== PROBLEM DETAILS ==
Below are records to give again exactly; omit each image they contain.

DATA PROVIDED START

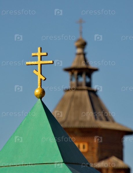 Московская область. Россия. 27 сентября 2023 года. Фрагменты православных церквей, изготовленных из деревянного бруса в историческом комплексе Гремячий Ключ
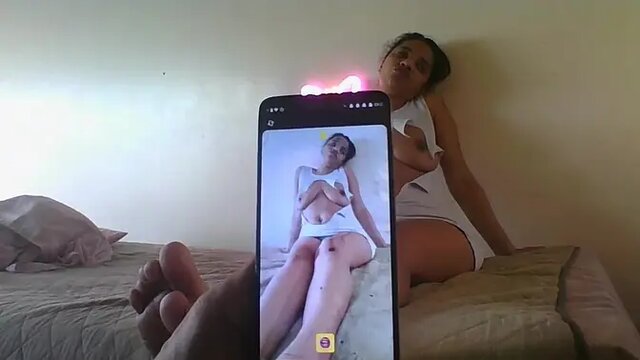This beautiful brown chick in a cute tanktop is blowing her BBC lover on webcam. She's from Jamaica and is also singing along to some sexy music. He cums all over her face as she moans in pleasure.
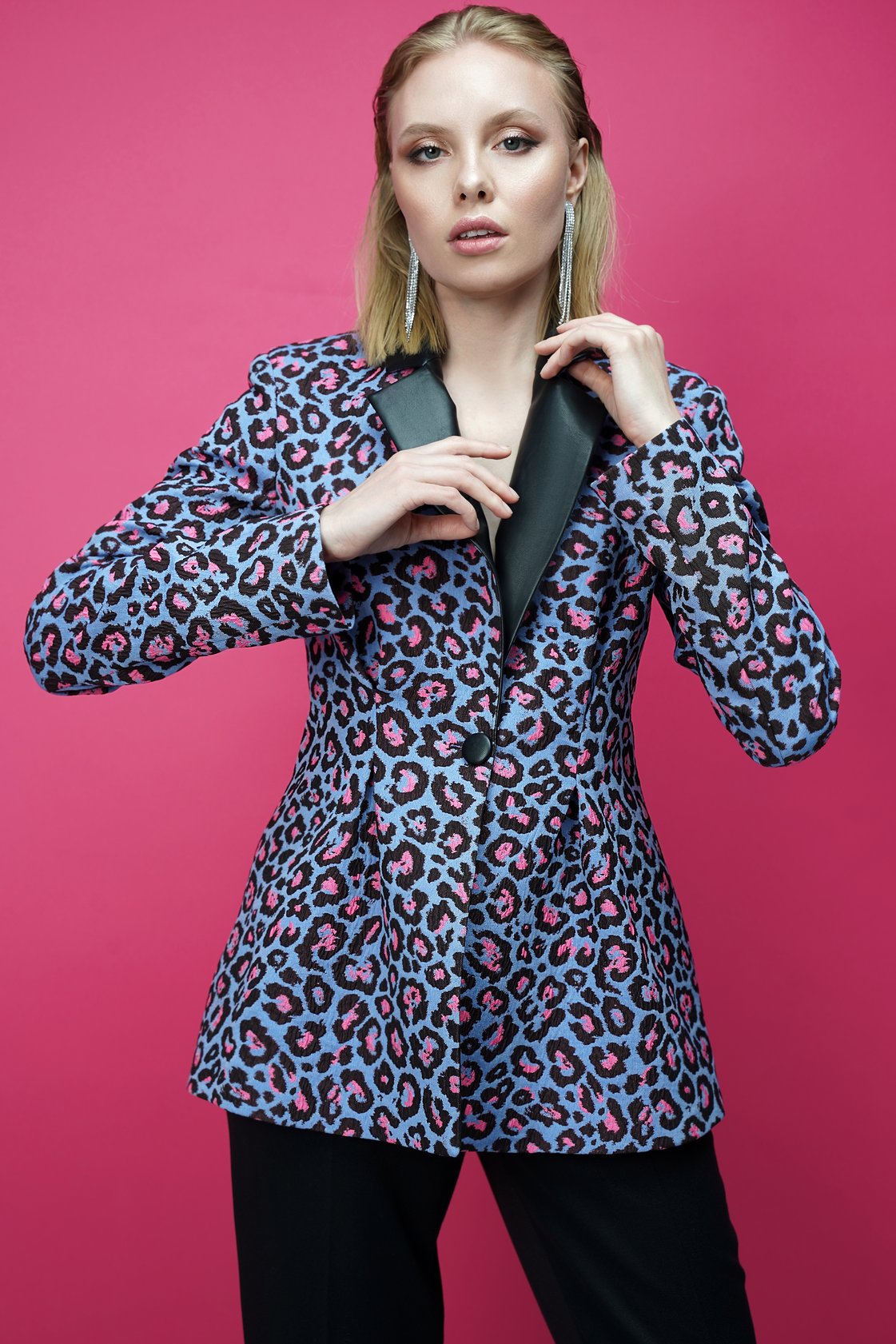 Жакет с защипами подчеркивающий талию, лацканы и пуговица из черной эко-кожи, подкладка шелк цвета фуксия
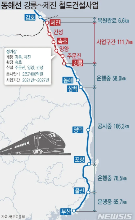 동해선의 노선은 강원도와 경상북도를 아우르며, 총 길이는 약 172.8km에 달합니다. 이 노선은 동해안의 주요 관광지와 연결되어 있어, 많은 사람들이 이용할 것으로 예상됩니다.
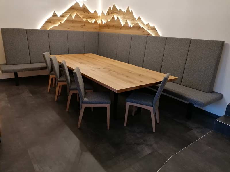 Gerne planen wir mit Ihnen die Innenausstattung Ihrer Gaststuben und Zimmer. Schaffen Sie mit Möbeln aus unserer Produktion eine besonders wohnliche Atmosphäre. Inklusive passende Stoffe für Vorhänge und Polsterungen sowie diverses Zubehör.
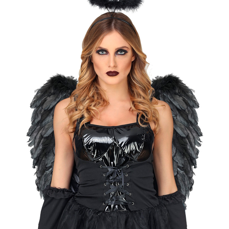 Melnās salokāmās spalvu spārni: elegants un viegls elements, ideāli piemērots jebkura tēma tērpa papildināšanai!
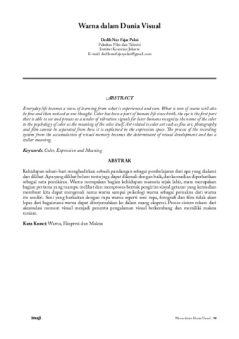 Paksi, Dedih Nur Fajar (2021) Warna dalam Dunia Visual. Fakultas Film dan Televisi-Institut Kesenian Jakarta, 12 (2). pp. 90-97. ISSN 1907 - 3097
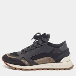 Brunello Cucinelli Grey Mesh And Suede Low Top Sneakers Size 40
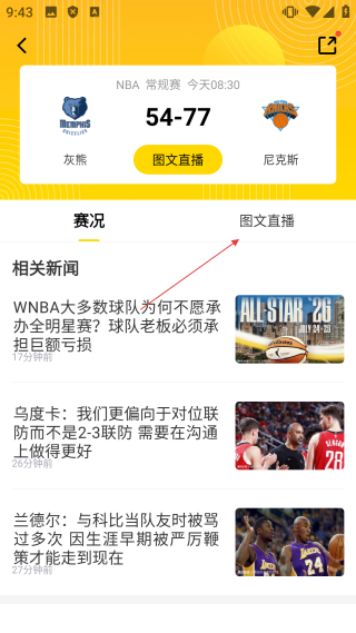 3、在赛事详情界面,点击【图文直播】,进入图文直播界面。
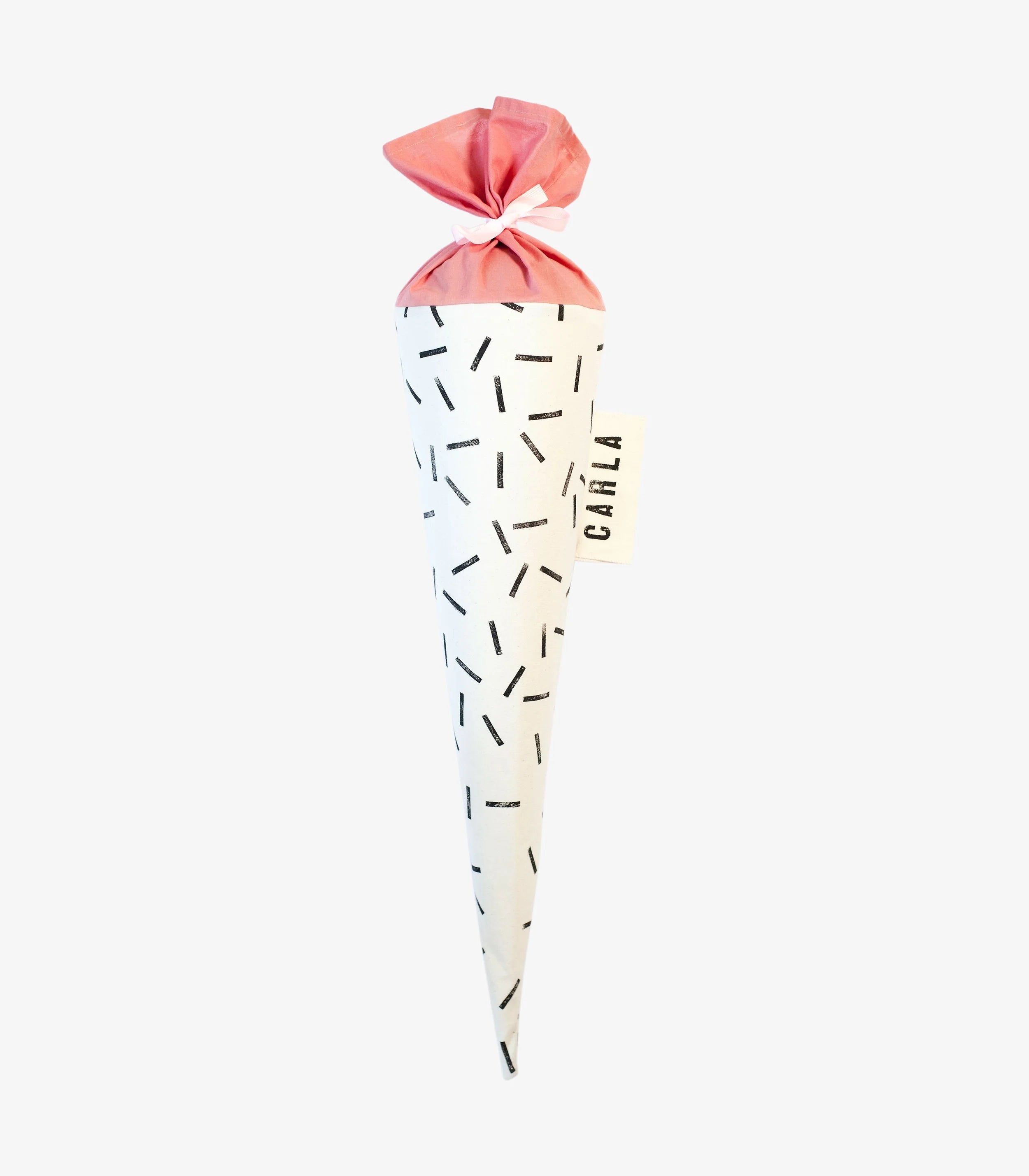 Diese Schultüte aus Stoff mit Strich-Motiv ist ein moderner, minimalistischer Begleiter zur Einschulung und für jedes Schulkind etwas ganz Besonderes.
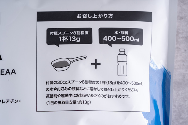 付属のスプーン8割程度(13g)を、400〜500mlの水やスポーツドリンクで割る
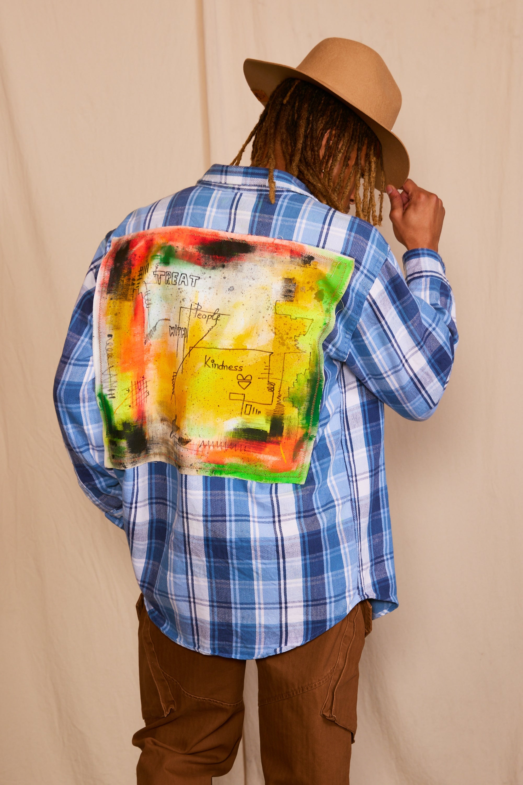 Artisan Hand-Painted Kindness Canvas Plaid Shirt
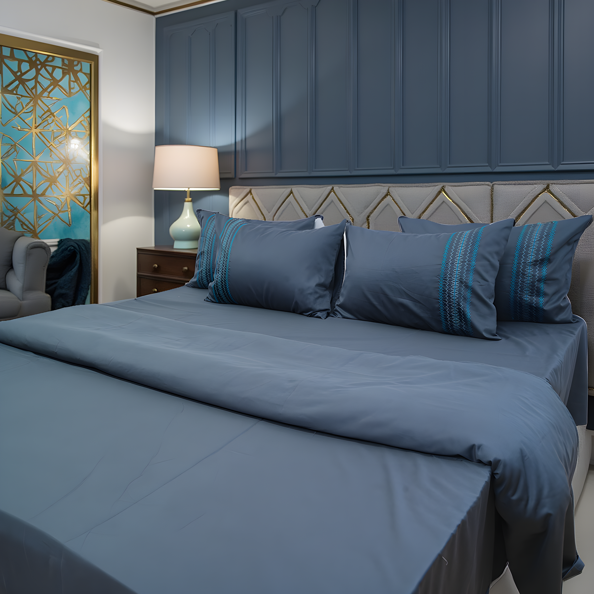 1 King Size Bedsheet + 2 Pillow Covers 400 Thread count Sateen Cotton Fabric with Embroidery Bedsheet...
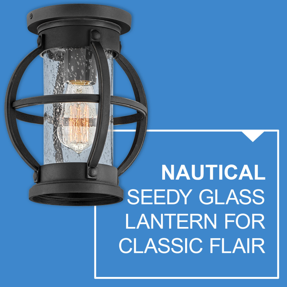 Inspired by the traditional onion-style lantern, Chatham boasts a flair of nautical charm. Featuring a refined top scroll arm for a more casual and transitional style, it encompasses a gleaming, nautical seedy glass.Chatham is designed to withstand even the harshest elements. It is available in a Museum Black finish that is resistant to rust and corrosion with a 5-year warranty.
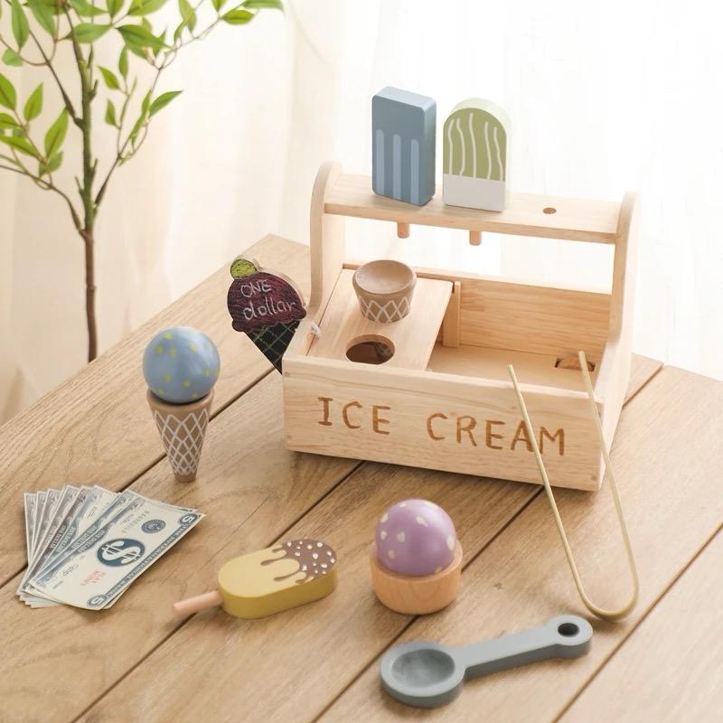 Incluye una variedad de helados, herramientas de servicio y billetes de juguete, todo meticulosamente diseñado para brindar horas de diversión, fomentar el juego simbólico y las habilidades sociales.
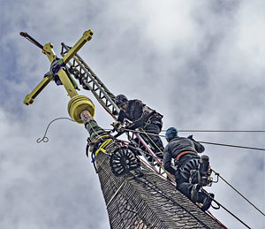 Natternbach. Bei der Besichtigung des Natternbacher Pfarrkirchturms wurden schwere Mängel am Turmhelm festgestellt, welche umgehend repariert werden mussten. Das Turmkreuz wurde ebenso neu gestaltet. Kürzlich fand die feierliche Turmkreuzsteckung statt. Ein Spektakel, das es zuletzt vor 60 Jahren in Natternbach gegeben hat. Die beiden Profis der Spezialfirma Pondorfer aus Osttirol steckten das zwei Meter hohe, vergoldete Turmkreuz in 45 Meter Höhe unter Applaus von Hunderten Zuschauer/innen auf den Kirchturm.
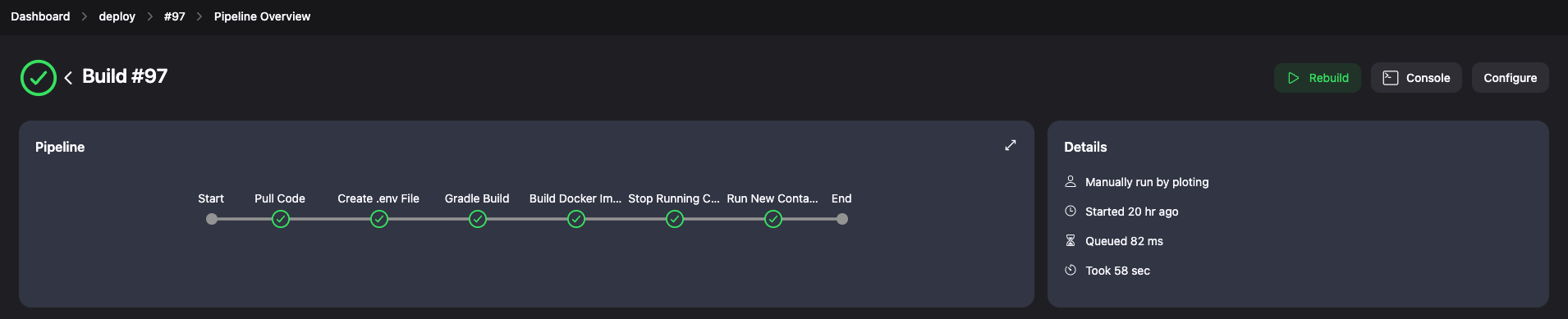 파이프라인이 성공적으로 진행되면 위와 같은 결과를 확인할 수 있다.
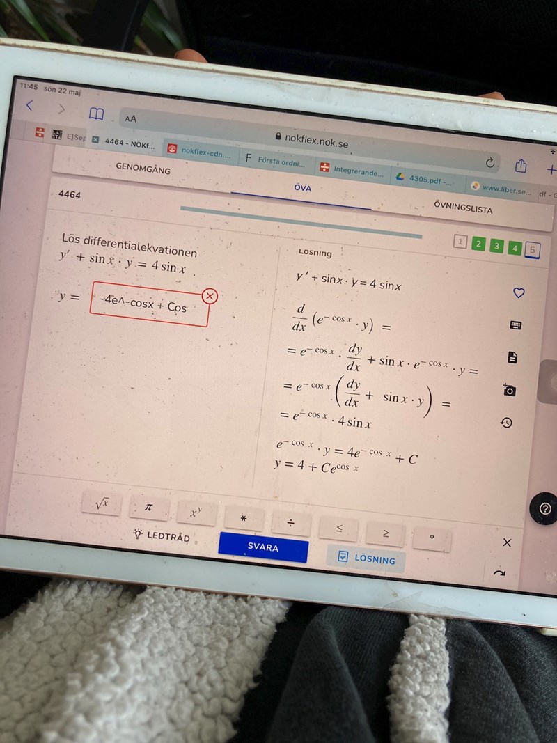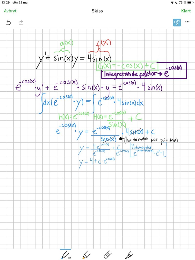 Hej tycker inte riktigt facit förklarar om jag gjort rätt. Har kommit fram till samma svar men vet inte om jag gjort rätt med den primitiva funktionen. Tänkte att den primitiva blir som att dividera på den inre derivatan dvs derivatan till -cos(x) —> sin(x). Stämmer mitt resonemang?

DATA PROVIDED END

== WRITTEN RESPONSE ==
 Московская область. Россия. 27 сентября 2023 года. Фрагменты православных церквей, изготовленных из деревянного бруса в историческом комплексе Гремячий Ключ
This beautiful brown chick in a cute tanktop is blowing her BBC lover on webcam. She's from Jamaica and is also singing along to some sexy music. He cums all over her face as she moans in pleasure.
 Жакет с защипами подчеркивающий талию, лацканы и пуговица из черной эко-кожи, подкладка шелк цвета фуксия
 동해선의 노선은 강원도와 경상북도를 아우르며, 총 길이는 약 172.8km에 달합니다. 이 노선은 동해안의 주요 관광지와 연결되어 있어, 많은 사람들이 이용할 것으로 예상됩니다.
 Gerne planen wir mit Ihnen die Innenausstattung Ihrer Gaststuben und Zimmer. Schaffen Sie mit Möbeln aus unserer Produktion eine besonders wohnliche Atmosphäre. Inklusive passende Stoffe für Vorhänge und Polsterungen sowie diverses Zubehör.
 Melnās salokāmās spalvu spārni: elegants un viegls elements, ideāli piemērots jebkura tēma tērpa papildināšanai!
 Paksi, Dedih Nur Fajar (2021) Warna dalam Dunia Visual. Fakultas Film dan Televisi-Institut Kesenian Jakarta, 12 (2). pp. 90-97. ISSN 1907 - 3097
 Brunello Cucinelli Grey Mesh And Suede Low Top Sneakers Size 40
 3、在赛事详情界面,点击【图文直播】,进入图文直播界面。
 Diese Schultüte aus Stoff mit Strich-Motiv ist ein moderner, minimalistischer Begleiter zur Einschulung und für jedes Schulkind etwas ganz Besonderes.
 付属のスプーン8割程度(13g)を、400〜500mlの水やスポーツドリンクで割る
 Artisan Hand-Painted Kindness Canvas Plaid Shirt
 1 King Size Bedsheet + 2 Pillow Covers 400 Thread count Sateen Cotton Fabric with Embroidery Bedsheet...
 Inspired by the traditional onion-style lantern, Chatham boasts a flair of nautical charm. Featuring a refined top scroll arm for a more casual and transitional style, it encompasses a gleaming, nautical seedy glass.Chatham is designed to withstand even the harshest elements. It is available in a Museum Black finish that is resistant to rust and corrosion with a 5-year warranty.
 Incluye una variedad de helados, herramientas de servicio y billetes de juguete, todo meticulosamente diseñado para brindar horas de diversión, fomentar el juego simbólico y las habilidades sociales.
 Natternbach. Bei der Besichtigung des Natternbacher Pfarrkirchturms wurden schwere Mängel am Turmhelm festgestellt, welche umgehend repariert werden mussten. Das Turmkreuz wurde ebenso neu gestaltet. Kürzlich fand die feierliche Turmkreuzsteckung statt. Ein Spektakel, das es zuletzt vor 60 Jahren in Natternbach gegeben hat. Die beiden Profis der Spezialfirma Pondorfer aus Osttirol steckten das zwei Meter hohe, vergoldete Turmkreuz in 45 Meter Höhe unter Applaus von Hunderten Zuschauer/innen auf den Kirchturm.
 파이프라인이 성공적으로 진행되면 위와 같은 결과를 확인할 수 있다.
 Hej tycker inte riktigt facit förklarar om jag gjort rätt. Har kommit fram till samma svar men vet inte om jag gjort rätt med den primitiva funktionen. Tänkte att den primitiva blir som att dividera på den inre derivatan dvs derivatan till -cos(x) —> sin(x). Stämmer mitt resonemang?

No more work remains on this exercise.